TASK DIRECTIONS » Return the line that has "ETERNAL ROSES FOR" and all lines below it through the last, exactly as they stand; omit pictures.

RECORDED DATA »
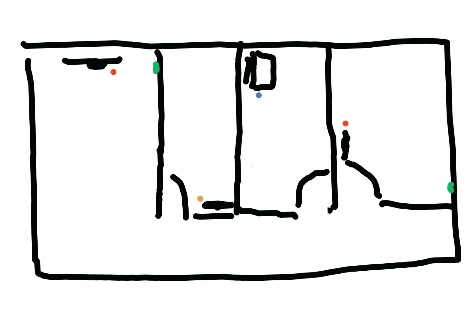 Es gibt zwei Telefonsteckdosen (grün) für das Modem. Daran müssen zwei TV Boxen (Rot) angeschlossen werden, ein Computer (Blau) und eine PS4 (Orange).
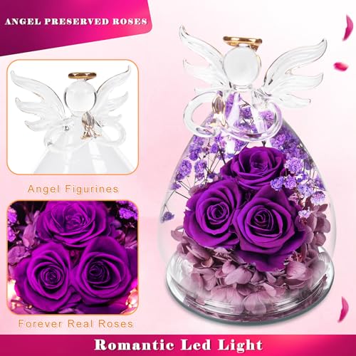 ETERNAL ROSES FOR FOREVER LOVE– Green & Sustainable and No Care Required: The preserved rose in glass angel figurine is flawless for a lasting keepsake, lovely roses made of fresh flowers, no watering required. The rose flower in glass dome is perfect and impeccable. It is as full of infinite hope and beauty as a rainbow. The angel glass cover is made of transparent glass, both glass and base are easy to clean. keep the real roses in a cool place, without management, will also be stored for 3-5 years.
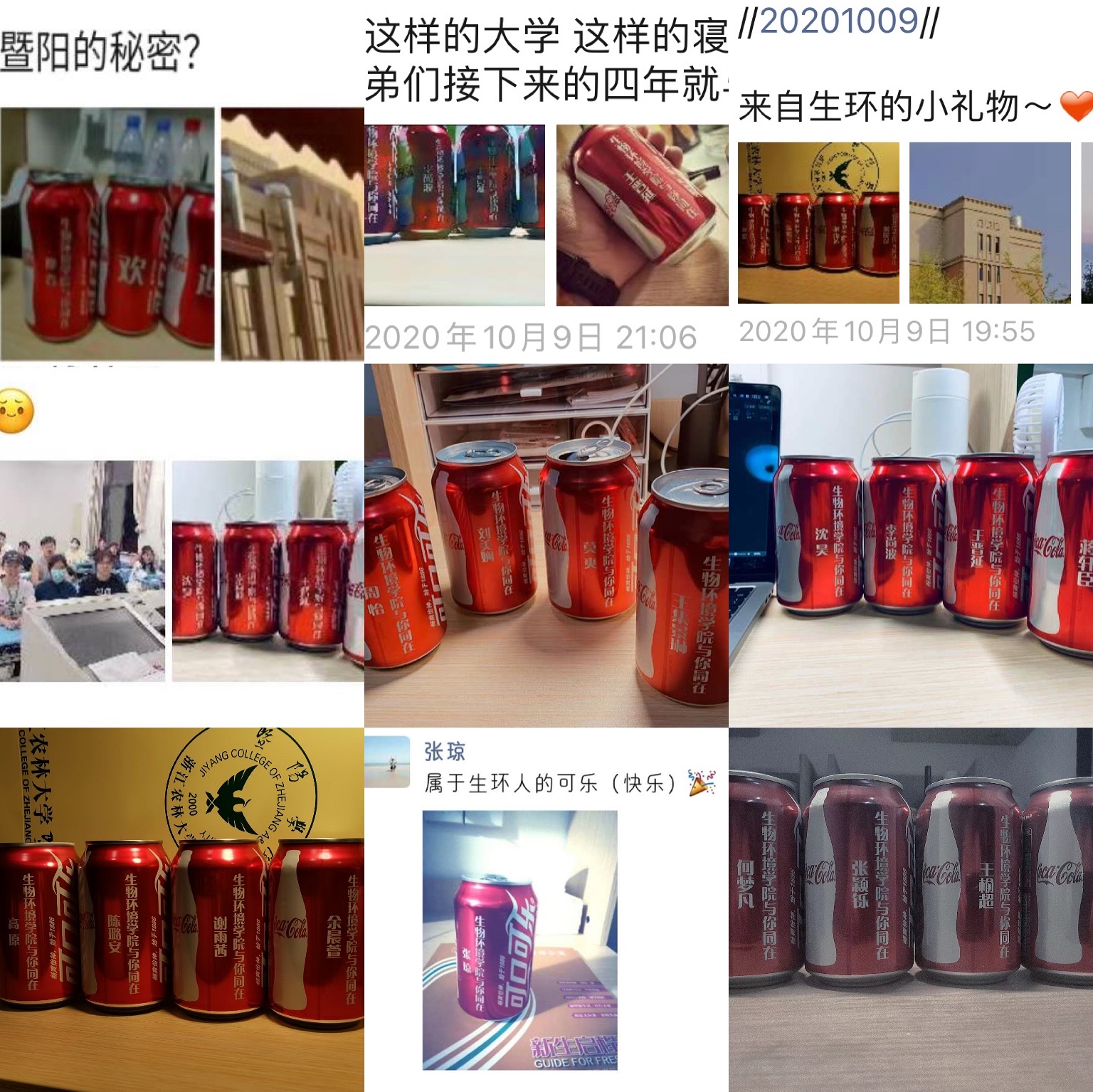 10月8日,来自全国各地的新生怀着美好的期盼,带着对太阳成集团tyc33455ccwww的憧憬踏进了太阳成集团tyc33455ccwww的校门,成为新暨阳人。生物环境学院为了表示对新生的欢迎,给每位新生准备了一份特制礼物——个人专属签名可乐,每瓶可乐上印有新生的名字,并向新生许下“生物环境学院与你同在”的誓言。这份个人专属可乐饱含着学院对所有新生的良好祝愿和期待,它将陪伴新生度过在太阳成集团tyc33455ccwww四年美好时光。

YOUR RESPONSE »
 ETERNAL ROSES FOR FOREVER LOVE– Green & Sustainable and No Care Required: The preserved rose in glass angel figurine is flawless for a lasting keepsake, lovely roses made of fresh flowers, no watering required. The rose flower in glass dome is perfect and impeccable. It is as full of infinite hope and beauty as a rainbow. The angel glass cover is made of transparent glass, both glass and base are easy to clean. keep the real roses in a cool place, without management, will also be stored for 3-5 years.
 10月8日,来自全国各地的新生怀着美好的期盼,带着对太阳成集团tyc33455ccwww的憧憬踏进了太阳成集团tyc33455ccwww的校门,成为新暨阳人。生物环境学院为了表示对新生的欢迎,给每位新生准备了一份特制礼物——个人专属签名可乐,每瓶可乐上印有新生的名字,并向新生许下“生物环境学院与你同在”的誓言。这份个人专属可乐饱含着学院对所有新生的良好祝愿和期待,它将陪伴新生度过在太阳成集团tyc33455ccwww四年美好时光。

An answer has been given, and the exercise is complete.